June 24, 2026 · 0 Comments
By JAMES MATTHEWS
My son once found a colourful marble in the loose sand of an Iqaluit school playground. Pretty sure it was one of those Cat’s Eye marbles prized during games in the dirt when I was a child. I remember there were luminous yellow and warm orange ribbons inside the marble. It became his treasure.
I still see him in his Thor cap and Spiderman windbreaker, big blue eyes wonder-widened. Showing me the treasure he’d found. His arm outstretched toward me, and he looked at the treasure in his palm. The child’s cheeks. Light fine hair from under his cap.
Thor was his favourite Avenger then, and I still hear how he’d mispronounced the name as Thorn. He used to choose a toy before bedtime, and he’d sleep with that car, action figure, or pieced-together bit of Lego. I’d often nod off next to him while reading a book or telling made-up stories about a giraffe we’d named Jerry. Or bits of fabricated family history, like how his uncle Chris was found as a baby floating down the Humber River in an old boot.
The boy is 20 years old now and in university. Says he wants to be a writer, and I heard my own father’s voice from my mouth when I cautioned the lad about the folly in choosing to hitch his wagon to writing in an age when nobody reads. Other than social media offerings, anyway. But it seems nobody reads books anymore.
That look of wonder and pride stayed with me, an image that visits me in the moment before sleep when I’m typically touched by such memories. A moment is a minute, or it’s an hour. And years seem to be eye-blinks when you’re watching children become adults. Moments arranged become a life. A generation arrives as another generation passes.
A measure of a person is the people they leave behind. It goes more toward identity than professional and social metrics, the attained levels of education, and even the numbers on ATM bank slips.
The calibre of people you’ve influenced, how you’ve helped them become the people they are, speaks about you when you’re gone. It’s one of the ways a person is more than the soup of chromosomes and blood and bone.

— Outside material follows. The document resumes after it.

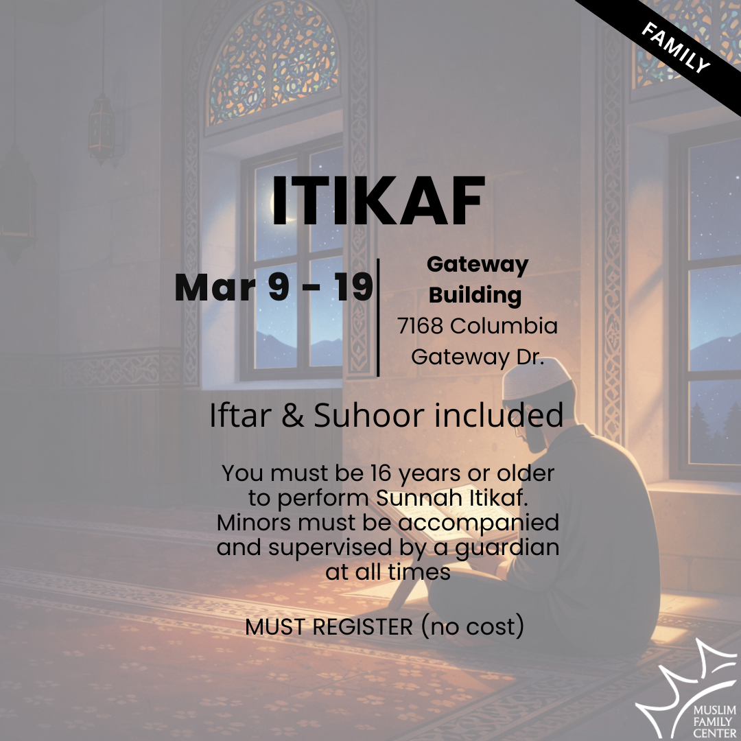 Itikaf is a special time of spiritual reflection, prayer, and devotion. We invite all brothers and sisters to take part in this blessed Sunnah together at MFC Gateway.

My son was so pleased with a treasure uncovered from the tundra dirt. My memory of that softens a contrary disposition that’s been stoked by the world’s ways over the many moments between then and now. Poets and writers flail around in the murk of metaphor and simile to describe a treasure like a simple marble in playground sand.
I have my father’s name and more than a few of his mannerisms. I can’t say if I’ve ever gone to him with a Cat’s Eye marble with luminous yellow and warm orange ribbons inside. He’d remember if I did. But he died in July.
How many fathers get to save their son’s life, I wonder. He did. Just by being there, as he had been many times in my life. Specifically and actually, he saved me from a hypothermic death in the cold Arctic October water of the Sylvia Grinnell River in Iqaluit.
He wasn’t even supposed to be there. About a decade ago, that was, and he showed up unexpectedly. A friend of mine, the guy I named my son after, the son who found the Cat’s Eye marble, offered my father a few weeks’ work. My dad retired from teaching high school. So he bounced between Ontario and Nunavut, where his sons and grandchildren were.
I can’t yet talk about the details and circumstances of the river. Other than to say my father saved me that October before the ice had completely set at Sylvia Grinnell’s mouth to Frobisher Bay.
The cold was brutal then. And there has been something of it during the months since Dad died.